__Assignment__. Pictures in the entries below are excluded; copy only the lines from the one containing "- BENEFIT: Why" to the one containing "鹏宸云筑西区园林溯源岭南四大", both included.

__Given data__.
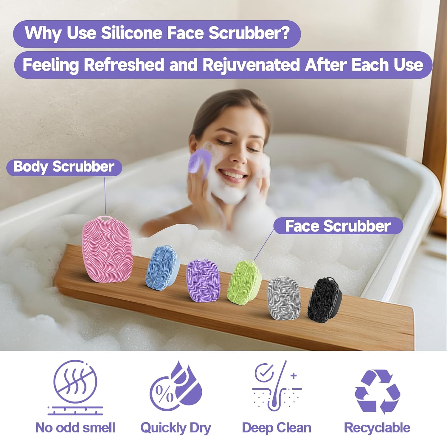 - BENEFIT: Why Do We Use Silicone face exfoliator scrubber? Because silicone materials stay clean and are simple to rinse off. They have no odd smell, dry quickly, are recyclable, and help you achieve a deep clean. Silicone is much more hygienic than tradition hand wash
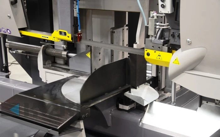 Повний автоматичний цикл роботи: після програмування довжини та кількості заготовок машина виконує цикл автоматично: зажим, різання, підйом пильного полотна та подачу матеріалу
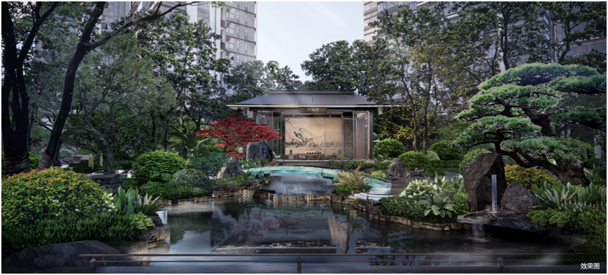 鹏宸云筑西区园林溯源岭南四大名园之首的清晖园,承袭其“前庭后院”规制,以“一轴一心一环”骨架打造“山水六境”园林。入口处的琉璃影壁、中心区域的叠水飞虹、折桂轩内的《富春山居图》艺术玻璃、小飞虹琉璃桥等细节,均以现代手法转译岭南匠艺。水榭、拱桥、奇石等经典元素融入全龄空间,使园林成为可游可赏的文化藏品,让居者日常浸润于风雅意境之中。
==
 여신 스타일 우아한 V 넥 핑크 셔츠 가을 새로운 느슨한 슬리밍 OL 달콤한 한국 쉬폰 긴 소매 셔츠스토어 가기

__Problem solution__.
 - BENEFIT: Why Do We Use Silicone face exfoliator scrubber? Because silicone materials stay clean and are simple to rinse off. They have no odd smell, dry quickly, are recyclable, and help you achieve a deep clean. Silicone is much more hygienic than tradition hand wash
 Повний автоматичний цикл роботи: після програмування довжини та кількості заготовок машина виконує цикл автоматично: зажим, різання, підйом пильного полотна та подачу матеріалу
 鹏宸云筑西区园林溯源岭南四大名园之首的清晖园,承袭其“前庭后院”规制,以“一轴一心一环”骨架打造“山水六境”园林。入口处的琉璃影壁、中心区域的叠水飞虹、折桂轩内的《富春山居图》艺术玻璃、小飞虹琉璃桥等细节,均以现代手法转译岭南匠艺。水榭、拱桥、奇石等经典元素融入全龄空间,使园林成为可游可赏的文化藏品,让居者日常浸润于风雅意境之中。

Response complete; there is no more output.